The notion that society has a financial stake great enough to overbalance personal liberty, would, if carried to every possible behavior, result in a police state. Americans should demand the right to kill themselves slowly with legal substances until the day that those substances are outlawed altogether.
Banning a substance is a proper use of government power based on harms determined by a legislative body. But intruding into each individual's particular use of a legal substance goes too far.
Aside from the ethical and political problems, this issue highlights the practical limits of state power. At some point, government efforts to stem unhealthy behavior not only reach a point of diminishing returns, they actually foster crime.

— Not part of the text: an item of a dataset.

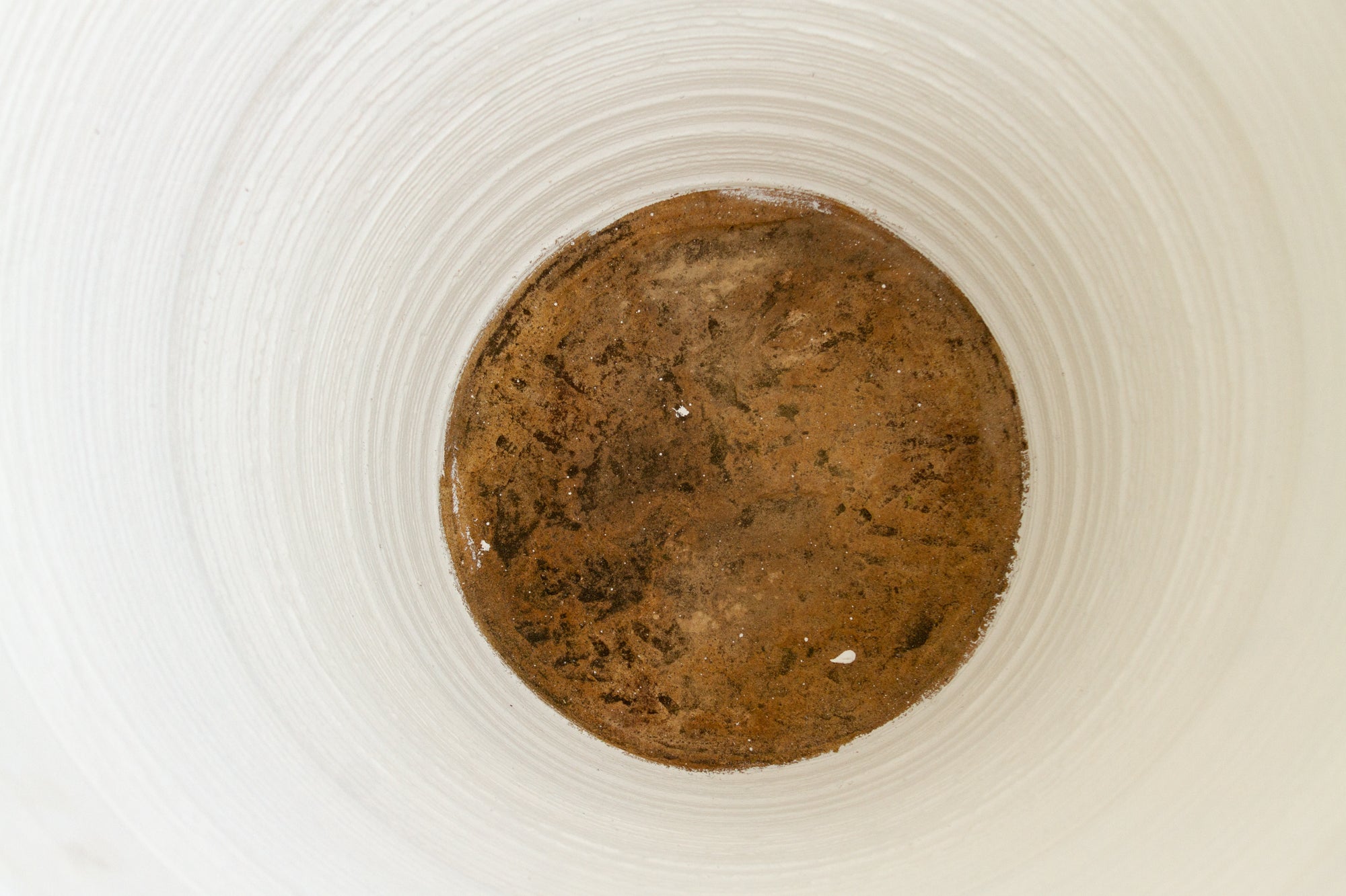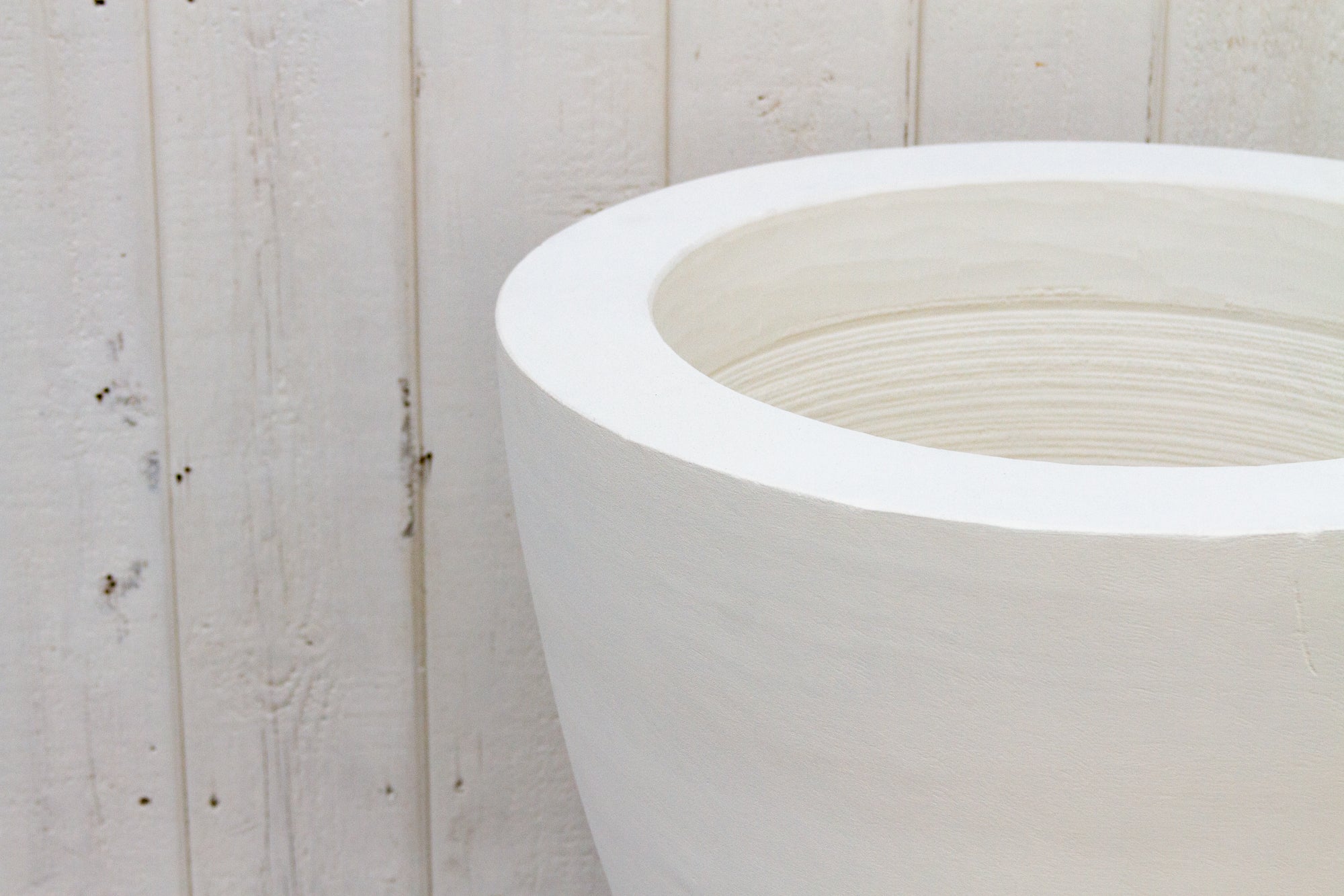 A garden planter handcrafted from Karoli sandstone. This planter features an elegant and smooth rounded shape. The simple design blends with any other outdoor/indoor decor. This planter does not have a drainage hole at the bottom of its base.

This is not a hypothetical argument. Consider a cigarette-smuggling operation in Fairfax, Va., recently described in the Washington Post. The organization sold millions of dollars of contraband cigarettes in New York City and the profits helped fund the crime ring's expansion into other illicit activities.
The main asset of this criminal group was the disparity in state and local cigarette taxes: a combined city and state tax of $4.25 a pack in New York City, 30 cents in Virginia.
This is not rocket science. Where a high tax creates wide disparity in the price of a product, it also creates a black market; and where there's a black market, there's a reduction in state revenues. "States are losing billions" because of punitive tobacco taxes, one federal law enforcement spokesman said.
Boost Utah's cigarette tax enough and, far from discouraging smokers, you'll be encouraging criminals to load up a truck.
In this, and other issues, societies must remember the calculus of do-gooding: Laws and good intentions can only go so far in shaping human behavior.
Politicians of all stripes often want to mold people into some abstract notion of perfection. Humans, however, are determined to be free and after awhile tend to fight back against attempts to control them -- even "for their own good." Focusing too much on one vice, such as tobacco, often only incites another, such as greed.
There are perhaps practical things government can do to discourage people from using tobacco. But this tax idea seems ill-advised.